German orientalist and exegete

Franz Ferdinand Benary (22 March 1805, Kassel - 7 February 1880, Berlin) was a German orientalist and exegete. He was the older brother of classical philologist Agathon Benary.

From 1824 he studied theology and oriental languages at the universities of Bonn, Halle and Berlin. At Halle he was especially influenced by the teachings of Wilhelm Gesenius. In 1829 he qualified as a lecturer of oriental languages at the University of Berlin, where in 1831, he was appointed an associate professor of Old Testament exegesis.

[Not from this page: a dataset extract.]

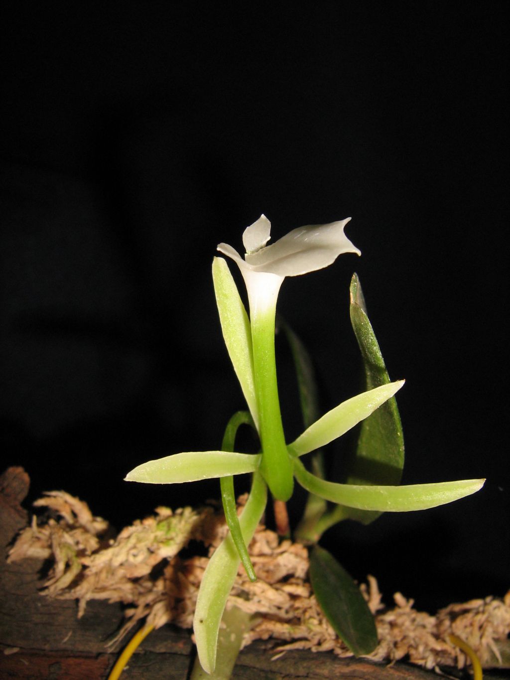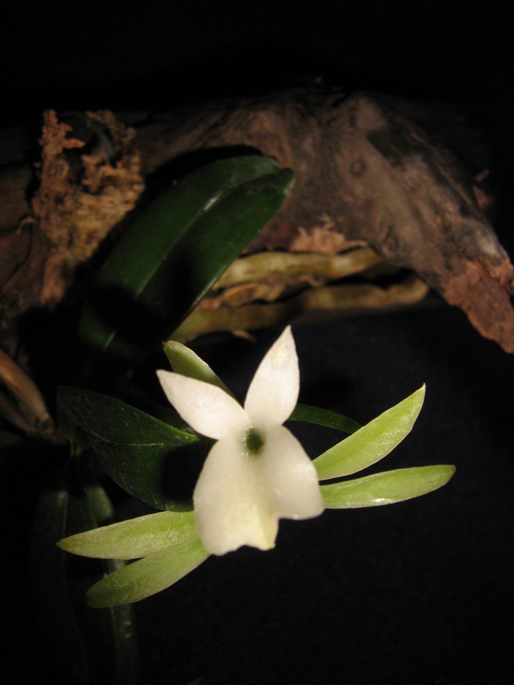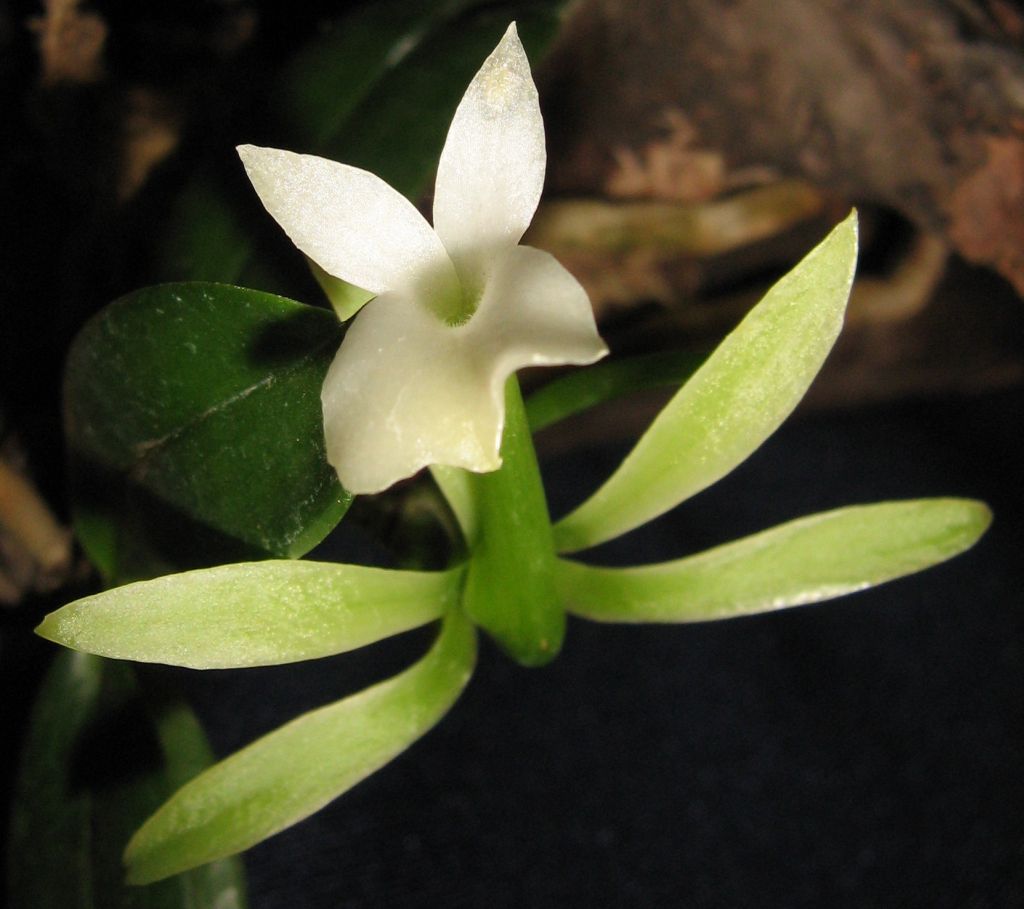 Found in Madagascar in humid, evergreen forests at elevations around 500 to 1000 meters as a mini-miniature sized, warm growing epiphyte with a short, erect stem carrying 5 to 6, flat, elliptic to oboval-oblong, unequally and obtusely bilobed apically, contracted towards the base leaves that blooms in the spring on an arising from below the leaves, 2 to 2.4" [5 to 6 cm] long, 1 to 3 flowered inflorescence with a few wide, thin, apiculate bracts.

In the realm of politics he was a distinguished member of the Fortschrittspartei (Progressive Party). Along with art historian Heinrich Gustav Hotho, theologian Wilhelm Vatke, philosopher Karl Ludwig Michelet and Agathon Benary, he was a prominent member of the liberal reform faction in regards to Hegelianism at Berlin.

== Selected works ==
- Nalodaya; Sanscritum carmen, Calidaso adscriptum una cum Pradschnacari Mithilensis scholiis, 1830 (edition of Kālidāsa).
- De Hebraeorum leviratu, 1835.
- Coniectanea quaedam in vetus testamentum, 1835.
- "Interpretation of the number 666 (χξϛ) in the Apocalypse (13:18) and the various reading 616 (χιϛ)". Translated from the "Zeitschrift für speculative Theologie", (1836) Vol. I Part II by Henry Boynton Smith.